An application to build 420 houses on the site by owners was unanimously rejected by the local Council in August 2014 as the development was not permissible within the Green Belt.

As of 2015 the park is still standing, albeit crumbling and having been attacked several times by arsonists. Rides that still stand on the site include the Knightmare roller coaster.

*My Visit*
I planned to visit here a lot sooner than I did as the park is close to my hometown and I have memories of visiting here a couple of times in my younger years. What I remember most from my visits as a child here were the Jousting tournaments. The Knights on horseback & foot battling in front of my eyes was magical and the children loved it and I was one of those children, cheering and screaming for their favourite Knight to win and in turn jeering at the enemy Knight from the stands.

I knew the areas I wanted to visit prior to arrival and I had a planned route. I knew where the security would be if they was on site so I felt confident in getting to see the areas I wanted.

Upon entering the park I headed straight for the Jousting arena.



























Who would have thought that almost 30 years later on from me sitting in the stands cheering and shouting that I would be walking around the arena. The arena now feels so lifeless, no Knights jousting or sword fighting, no children cheering, jeering or laughing nothing! The only sound today was from the wind blowing through the empty stands……

Just up the hill from the arena is the platform for the Dragon Flyer. In 2013 the ride was relocated to Pleasureland in Southport. The strange thing is that a lot of the track is still in situe here, why that is I have no idea. Whilst taking these photos I noticed movement just off to left… I looked over and there was a lone female wandering through the arena, she looked like she had just finished work or was on a stroll. I kept quiet as not to scare her and waited till she was gone before moving on.
















The next area on my list was the Knightmare roller coaster, the largest structure left on site. I decided to try the easy route knowing that security would be there if they was on site at all. I slowly walked up the path and hey presto I spotted the security car, no problem I will find another way.

I found a way around, however, it was a knightmare route (perfect name for it) and lets just say that 20 minutes later, sweatier and dirtier than 20 minutes before this is what I see.






So close but still a little further to go. I worked my way around the edge of the grounds to stay out of sight of security. Here is a photo a little closer, not far to go.






Finally I make it around the back of Knightmare without being seen and I wasted no time in taking photos. 

This photo was taken looking into the direction of the sun where as the earlier photos the sun was behind me.

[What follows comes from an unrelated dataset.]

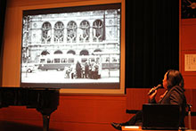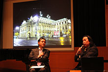 後半は、行天准教授とのトークで、生い立ち、歌を志した契機、大学での学生生活、アメリカやイタリアでの修行、そしてウィーンでの専属オペラ歌手としての試練を次々にお話しいただきました。途中、甲斐氏が出演したウィーン国立歌劇場を紹介するテレビ番組が放映され、歌劇場の裏舞台も分りやすく説明いただきました。また、「中学校時代に合唱部に入り、みんなで歌う喜びを知ったことから始まり、デル・モナコというテナー歌手が歌うカンツォーネのレコードを聴き、『声から光を感じ』、この世界に行きたいと考えた。」「ウィーン国立歌劇場では毎日異なる演目が上演されているために、専属ソリストとしてカヴァー(配役に欠員が出たときの代役)に入ることが求められ、5つものオペラ作品を同時に歌わねばならず、死ぬ気で勉強した経験を経て、今の自分がある。」と、『オペラへの道』を語っていただきました。最後に、ライカ製のフィルムカメラで撮ったウィーン街角風景の白黒写真を紹介していただきました。こちらも写真集を出版するほどの腕前で、光を感じさせる素晴らしい作品に、来場された方がたも感動されていました。

As you can see it gave a very eerie look to the image.






Here are a few I took whilst underneath the coaster.
















I spent a good 30 minutes here trying to cover as many angles as possible before heading off back the way that I came. Time to get a little more sweatier and dirtier than I already am.

With most of the areas photographed that I came here for I was happy to start heading back to the front entrance. The main entrance spires would be my last photo of the trip. I know there are lots more buildings on site to look in but from recent reports I decided not to waste any time as they have been badly damaged by both weather and vandals.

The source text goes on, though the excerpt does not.